Task to carry out:
In the entries below, find the line with "1girl alternate_hair_length alternate_hairstyle" and the line with "绵阳干部群众自发送英雄刘应强回家。"; reproduce those two lines and all lines between them exactly, without pictures.

Exercise materials:
....

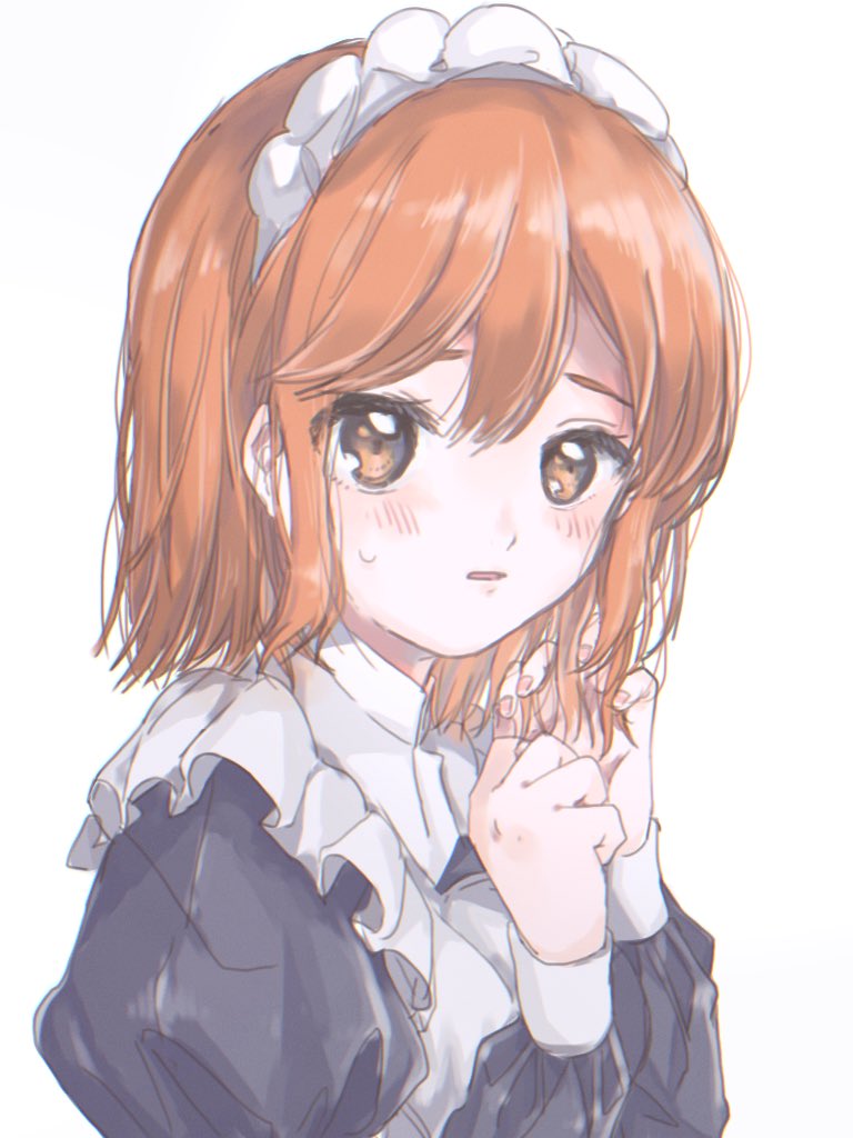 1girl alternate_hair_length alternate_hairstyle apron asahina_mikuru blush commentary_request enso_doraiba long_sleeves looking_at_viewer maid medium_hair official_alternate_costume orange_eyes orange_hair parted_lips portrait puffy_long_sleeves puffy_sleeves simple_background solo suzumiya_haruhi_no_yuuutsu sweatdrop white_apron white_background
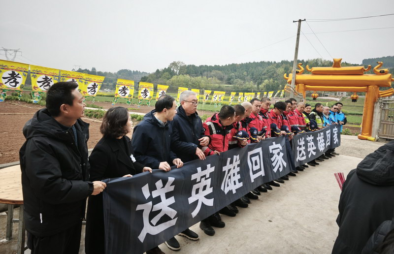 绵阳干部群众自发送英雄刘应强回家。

....

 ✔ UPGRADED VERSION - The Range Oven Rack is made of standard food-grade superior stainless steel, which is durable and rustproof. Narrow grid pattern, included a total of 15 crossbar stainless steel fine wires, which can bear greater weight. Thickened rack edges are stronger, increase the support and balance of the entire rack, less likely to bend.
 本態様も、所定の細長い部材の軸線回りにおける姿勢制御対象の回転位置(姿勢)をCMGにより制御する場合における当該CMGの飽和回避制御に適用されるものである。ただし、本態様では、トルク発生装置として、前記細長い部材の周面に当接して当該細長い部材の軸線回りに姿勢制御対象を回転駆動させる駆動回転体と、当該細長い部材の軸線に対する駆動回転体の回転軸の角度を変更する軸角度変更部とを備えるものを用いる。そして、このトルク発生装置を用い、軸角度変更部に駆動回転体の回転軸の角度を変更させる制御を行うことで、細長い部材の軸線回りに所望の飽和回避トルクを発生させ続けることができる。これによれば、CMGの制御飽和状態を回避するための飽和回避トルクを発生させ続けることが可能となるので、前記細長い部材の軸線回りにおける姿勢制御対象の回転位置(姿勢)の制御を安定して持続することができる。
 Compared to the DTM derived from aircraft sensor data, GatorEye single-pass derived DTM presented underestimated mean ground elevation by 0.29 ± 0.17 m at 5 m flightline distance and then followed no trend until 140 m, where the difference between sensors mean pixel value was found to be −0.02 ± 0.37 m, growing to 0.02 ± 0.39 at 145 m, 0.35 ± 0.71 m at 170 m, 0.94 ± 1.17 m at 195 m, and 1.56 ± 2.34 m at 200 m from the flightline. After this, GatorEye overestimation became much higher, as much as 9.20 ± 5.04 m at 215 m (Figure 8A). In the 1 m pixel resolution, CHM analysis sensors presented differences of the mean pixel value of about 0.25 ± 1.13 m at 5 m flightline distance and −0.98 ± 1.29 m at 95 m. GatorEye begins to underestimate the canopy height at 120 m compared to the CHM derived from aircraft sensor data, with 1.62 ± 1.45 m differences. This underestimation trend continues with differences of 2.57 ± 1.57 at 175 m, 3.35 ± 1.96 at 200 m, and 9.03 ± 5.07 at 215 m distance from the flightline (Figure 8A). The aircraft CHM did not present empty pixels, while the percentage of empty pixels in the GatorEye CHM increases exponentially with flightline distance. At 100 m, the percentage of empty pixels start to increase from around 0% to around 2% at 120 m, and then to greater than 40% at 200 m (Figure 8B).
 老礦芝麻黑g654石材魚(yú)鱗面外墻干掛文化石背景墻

....

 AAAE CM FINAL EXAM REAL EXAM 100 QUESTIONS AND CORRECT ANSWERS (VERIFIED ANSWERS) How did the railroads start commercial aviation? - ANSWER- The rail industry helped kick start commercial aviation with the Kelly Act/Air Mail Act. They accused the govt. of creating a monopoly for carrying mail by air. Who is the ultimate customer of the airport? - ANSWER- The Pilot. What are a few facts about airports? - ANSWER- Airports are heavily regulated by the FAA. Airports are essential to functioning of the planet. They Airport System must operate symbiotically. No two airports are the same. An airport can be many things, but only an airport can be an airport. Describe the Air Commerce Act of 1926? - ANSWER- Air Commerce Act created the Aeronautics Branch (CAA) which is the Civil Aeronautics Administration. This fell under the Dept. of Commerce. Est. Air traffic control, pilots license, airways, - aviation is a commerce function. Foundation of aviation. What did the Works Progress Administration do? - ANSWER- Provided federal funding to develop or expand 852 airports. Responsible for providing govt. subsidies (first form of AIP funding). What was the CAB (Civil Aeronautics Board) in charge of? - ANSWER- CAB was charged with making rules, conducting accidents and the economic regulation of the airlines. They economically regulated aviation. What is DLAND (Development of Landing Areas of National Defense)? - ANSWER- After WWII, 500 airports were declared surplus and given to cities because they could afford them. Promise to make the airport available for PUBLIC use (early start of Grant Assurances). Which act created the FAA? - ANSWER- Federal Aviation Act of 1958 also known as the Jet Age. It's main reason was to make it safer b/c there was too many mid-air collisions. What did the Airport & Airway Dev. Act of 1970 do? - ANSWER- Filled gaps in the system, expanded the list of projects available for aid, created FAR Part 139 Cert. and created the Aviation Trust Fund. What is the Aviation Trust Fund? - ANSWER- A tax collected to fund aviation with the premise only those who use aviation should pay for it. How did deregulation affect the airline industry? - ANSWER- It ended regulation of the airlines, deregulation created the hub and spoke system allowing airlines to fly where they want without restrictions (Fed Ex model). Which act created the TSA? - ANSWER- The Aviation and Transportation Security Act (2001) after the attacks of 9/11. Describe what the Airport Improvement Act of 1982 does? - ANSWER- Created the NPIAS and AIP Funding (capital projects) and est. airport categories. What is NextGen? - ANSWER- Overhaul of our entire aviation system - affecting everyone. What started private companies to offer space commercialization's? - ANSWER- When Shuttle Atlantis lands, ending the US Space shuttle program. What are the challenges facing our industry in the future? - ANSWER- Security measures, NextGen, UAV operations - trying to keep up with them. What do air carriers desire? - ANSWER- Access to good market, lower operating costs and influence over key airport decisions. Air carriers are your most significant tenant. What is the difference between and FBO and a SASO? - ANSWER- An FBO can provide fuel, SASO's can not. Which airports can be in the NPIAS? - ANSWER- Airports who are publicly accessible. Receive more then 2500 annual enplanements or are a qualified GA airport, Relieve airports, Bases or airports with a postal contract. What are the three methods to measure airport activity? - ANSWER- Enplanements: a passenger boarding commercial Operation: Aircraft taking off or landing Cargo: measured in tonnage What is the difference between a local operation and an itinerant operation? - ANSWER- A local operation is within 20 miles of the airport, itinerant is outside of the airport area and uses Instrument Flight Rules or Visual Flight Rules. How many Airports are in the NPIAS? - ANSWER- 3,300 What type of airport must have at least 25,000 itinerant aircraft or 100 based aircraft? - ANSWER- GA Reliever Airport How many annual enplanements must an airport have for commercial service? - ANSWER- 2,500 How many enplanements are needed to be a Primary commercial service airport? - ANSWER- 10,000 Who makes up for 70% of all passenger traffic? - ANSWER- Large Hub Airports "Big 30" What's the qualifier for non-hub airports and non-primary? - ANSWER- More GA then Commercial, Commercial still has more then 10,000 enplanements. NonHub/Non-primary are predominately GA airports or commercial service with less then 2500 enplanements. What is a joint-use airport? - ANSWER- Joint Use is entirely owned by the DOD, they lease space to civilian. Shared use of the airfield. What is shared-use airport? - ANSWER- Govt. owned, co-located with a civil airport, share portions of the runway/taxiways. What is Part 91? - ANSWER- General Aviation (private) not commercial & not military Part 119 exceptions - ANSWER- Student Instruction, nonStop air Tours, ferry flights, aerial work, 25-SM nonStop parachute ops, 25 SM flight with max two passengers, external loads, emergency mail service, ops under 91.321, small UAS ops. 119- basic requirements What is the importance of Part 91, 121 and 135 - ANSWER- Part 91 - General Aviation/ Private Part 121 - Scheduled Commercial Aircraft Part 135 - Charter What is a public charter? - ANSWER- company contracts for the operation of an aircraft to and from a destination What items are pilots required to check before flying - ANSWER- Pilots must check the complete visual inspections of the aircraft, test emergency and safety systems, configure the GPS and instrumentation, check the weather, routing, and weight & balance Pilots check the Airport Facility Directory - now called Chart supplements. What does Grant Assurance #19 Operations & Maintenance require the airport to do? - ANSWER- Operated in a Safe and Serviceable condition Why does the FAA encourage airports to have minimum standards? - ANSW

....

Expected output:
 1girl alternate_hair_length alternate_hairstyle apron asahina_mikuru blush commentary_request enso_doraiba long_sleeves looking_at_viewer maid medium_hair official_alternate_costume orange_eyes orange_hair parted_lips portrait puffy_long_sleeves puffy_sleeves simple_background solo suzumiya_haruhi_no_yuuutsu sweatdrop white_apron white_background
 绵阳干部群众自发送英雄刘应强回家。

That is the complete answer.